I studied Theoretical Physics at Imperial College London, but I realised quite quickly that research wasn’t a viable career option for me in the long-term. I wanted to use my quantitative skills from physics and my analytical background, but in an environment where I’d be kept on my toes and have the opportunity to interact and engage with people as part of my day-to-day role.

Investment banking is intellectual, but also very tangible because you can see the visible effects of your work every day. When I applied for the internship in Securities (Sale and Trading), I wasn’t certain that investment banking was for me, but I wanted to have a taste of something a bit different, so I decided to try it out.

Were you given any training to prepare you for the internship?

The first two weeks of the internship were solely training, which was based around capital markets and bond analytics, and was incredibly helpful. My internship class included people from a wide mix of academic backgrounds, from science to humanities subjects, so by no means was it a class full of people with degrees in finance. The training put everyone on the same page before we embarked on the rest of the internship.

How was the internship structured?

After our two weeks of training, we had two weeks of one-hour rotations through different departments, which gave me a very broad overview of how trades are structured on all the different desks. Then you choose specific desks to do two one-week rotations on, followed by two two-week rotations. I did one-week rotations on the convertible bond trading and equity volatility trading desks, then I did two weeks with the prime brokerage risk group, and two weeks on the mortgages trading desk.

The day-to-day routine differed depending on the desk, but generally I was meeting the team, building relationships with them, and learning about their roles. In addition, I would help the team with real projects, do anything that could be beneficial or helpful to them, and just get involved in anything that was thrown at me.

I think the great thing about the internship was that I got to see so many different areas. On top of that, during the rotations there was no specific outline of what you were required to do, which made me push myself to get as much out of it as I could, and also to learn as much as I could from the team I was working with.

What was the working day like?

The hours varied depending on the desk and also on the length of the rotation. In Securities, I had early starts as I was working with the markets. Towards the end of my two week rotations I was putting in a lot more time than at the beginning, because I was working on specific projects with deadlines. Interns weren’t necessarily expected to work long hours, but as you’re learning you naturally take longer to complete tasks than an experienced person would.

What challenges did you face during the internship?
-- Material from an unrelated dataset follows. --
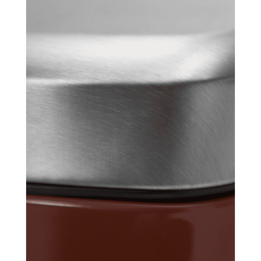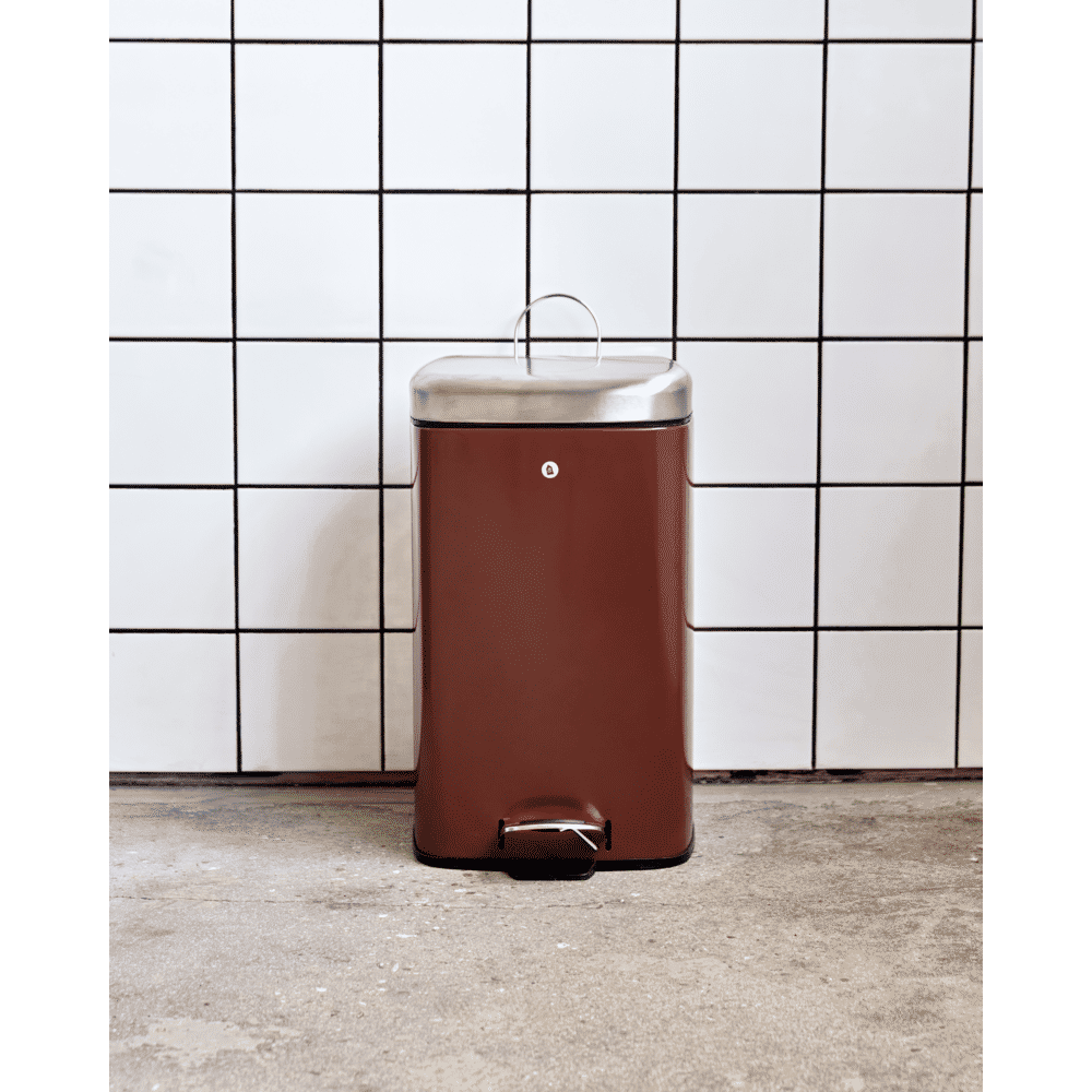 De Sort prullenbak is gemaakt van staal en afgewerkt in een diepe, bruine tint. Met zijn strakke lijnen is het een moderne en subtiele oplossing die orde schept in je keuken of op kantoor.

It was overwhelming at the start to have to learn about an entirely new world and understand the theoretical aspects behind the business, especially coming from a non-finance background. Meeting so many new people and trying to keep on top of everything was challenging too. I think I just had to trust that I would pull through, and trust in my learning abilities to absorb all of the information that was coming at me.

Was there anything you weren’t expecting?

The biggest surprise was the discrepancy between how investment banking is portrayed in the media, and my actual experience at Goldman Sachs. Everyone was incredibly welcoming and helpful, and even the senior level management spent a lot of time with the interns, which gave us the opportunity to learn from these very successful, bright and motivated people within the bank. Nobody expected us to know anything, so we were free to ask questions. I felt very comfortable talking to people, integrating myself, and networking.

Did you have the opportunity to get to know the other interns and people at the bank?

I made some very solid friendships on the internship and I keep in touch with nearly everyone, which is one of many fantastic outcomes from the experience. We were working hard during the week, but we always reserved Friday nights for going out together after work.

We also had networking events within the bank at around 6pm, where we got to meet representatives from different divisions and find out more about what different jobs entailed. I met multiple mentors through these events who nurtured me during my internship, and I kept in touch with them afterwards. I think mentoring is a key part of the culture and it shows that senior people want to help the younger generation at the bank to be successful.

What did you learn from the experience? Do you have any advice for students thinking about applying for an internship?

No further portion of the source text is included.